(Recorded data)

+ + + + +

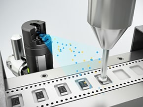 準(zhǔn)備了支援?6 mm軟管的2種管嘴。即便是無法安裝本體的狹窄場所,亦可透過使用軟管,實現(xiàn)單點的除塵和靜電消除措施。
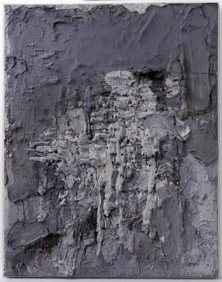 Div. grijstonen. Bovenste helft vrij egaal donkergrijs, midden en onder lichtere grijstonen, dik opgebracht, zodat relief ontstaat.
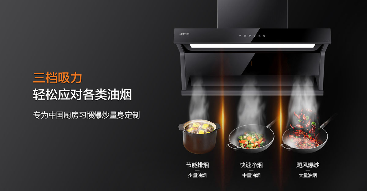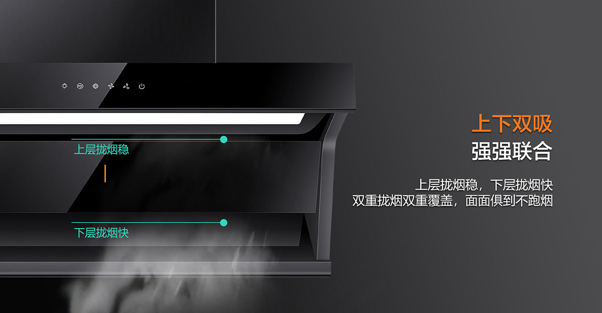 上下雙吸,下強吸,上快攏,強強聯(lián)合,油煙0逃逸
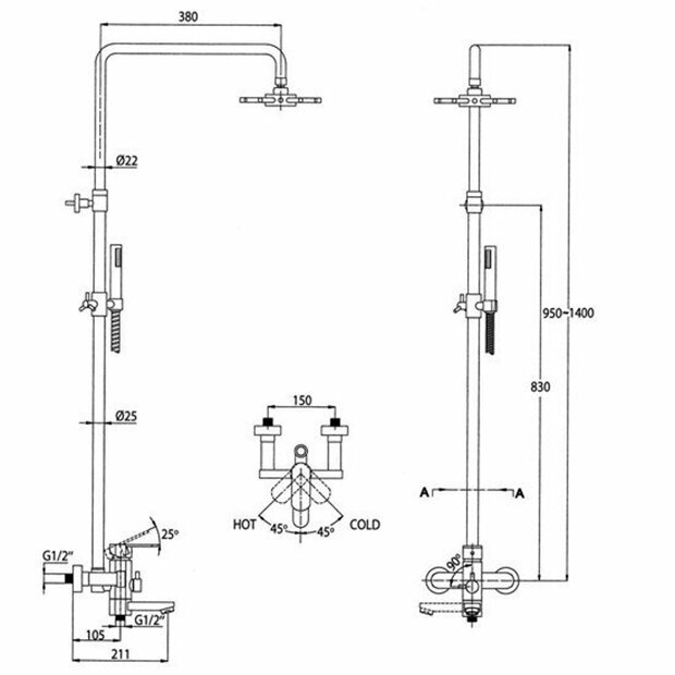 | Дополнительная информация | высота стойки для душа: 1400 мм |
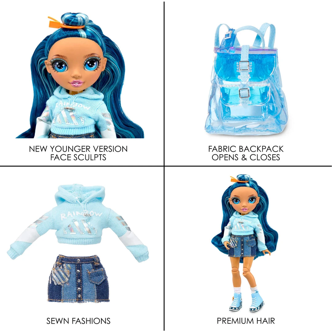 Collect the rainbow! Collect all 6 Junior High Fashion Dolls – Ruby Anderson, Poppy Rowan, Sunny Madison, Jade Hunter, Skyler Bradshaw, Violet Willow.
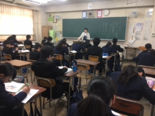 1限目は道徳です。「思いやり」「礼儀」「自律」「命の尊さ」など、読み物教材を使って学んでいます。
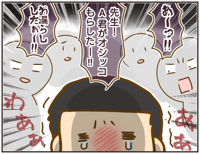 A君は我慢できずに漏らしてしまいました。
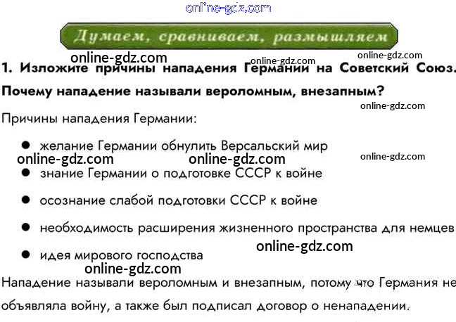 Готовые домашние задания по Истории за 10 класс Учебник Горинов, Данилов 2016 - Думаем, сравниваем, размышляем §21. Начало Великой Отечественной войны. Первый период войны (22 июня 1941 — ноябрь 1942 г.) 1

+ + + + +

Aim of the exercise
Leave out every picture and copy verbatim the lines running from the line containing "Collect the rainbow!" through the final line of the data.

Output
 Collect the rainbow! Collect all 6 Junior High Fashion Dolls – Ruby Anderson, Poppy Rowan, Sunny Madison, Jade Hunter, Skyler Bradshaw, Violet Willow.
 1限目は道徳です。「思いやり」「礼儀」「自律」「命の尊さ」など、読み物教材を使って学んでいます。
 A君は我慢できずに漏らしてしまいました。
 Готовые домашние задания по Истории за 10 класс Учебник Горинов, Данилов 2016 - Думаем, сравниваем, размышляем §21. Начало Великой Отечественной войны. Первый период войны (22 июня 1941 — ноябрь 1942 г.) 1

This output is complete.